The codebase carries a careful deprecation discipline. Key removals or maintenance-only zones:

  • MRKLChain, ReActChain, SelfAskWithSearchChain — top-level imports were removed; libs/langchain/langchain_classic/__init__.py warns and redirects to the explicit langchain_classic.agents.* paths.
  • The legacy chains library (libs/langchain/langchain_classic/chains/) — still present but no new chain types are being added.
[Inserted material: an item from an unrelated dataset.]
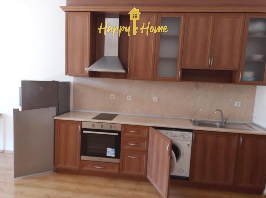 Планировка: прихожая, просторная гостиная с кухонной зоной, две спальни, два санузла и терраса. Продается с мебелью и оборудованием.

New code should compose Runnables via LCEL or build a langgraph graph instead.
  • The langchain.serpapi shim (libs/langchain/langchain_classic/serpapi.py) — now a 3-line redirect to langchain_classic.utilities.serpapi.
  • Memory classes (libs/langchain/langchain_classic/memory/) — superseded by LangGraph's checkpointer system.
  • load_tools / initialize_agent (libs/langchain/langchain_classic/agents/) — superseded by langchain.agents.create_agent.
  • Indexing API in langchain-classic — superseded by libs/core/langchain_core/indexing/.

Major rewrites

When What changed
Mid-2023 Monorepo layout: langchainlibs/{core,langchain,community,experimental,partners}
Late-2023 langchain-core extracted as a separate package with stable versioning
Early–mid 2024 Pydantic v2 migration
Mid-2024 Move from Poetry to uv for dependency management
2024–2025 LangGraph-based agents replace the legacy Agent framework
2025–2026 New langchain==1.x package with middleware, content-blocks v1, streaming-first chat models; old code renamed to langchain-classic

Growth trajectory

  • Oct 2022: 1 package, 1 contributor (Harrison Chase)
  • Mid-2023: ~5 packages, hundreds of contributors
  • Mid-2024: 15+ partner packages in this monorepo, more in sibling repos, 3,000+ unique authors
  • Apr 2026: 21 packages in this monorepo, 3,572 unique commit authors, 15,828 commits

The codebase has settled into a sustainable shape — recent commit volume (~150–250 per month) is roughly half of the 2024 peak, reflecting maturity of the abstractions rather than slowing development. The bulk of churn has shifted to partner packages and the new libs/langchain_v1/ directory.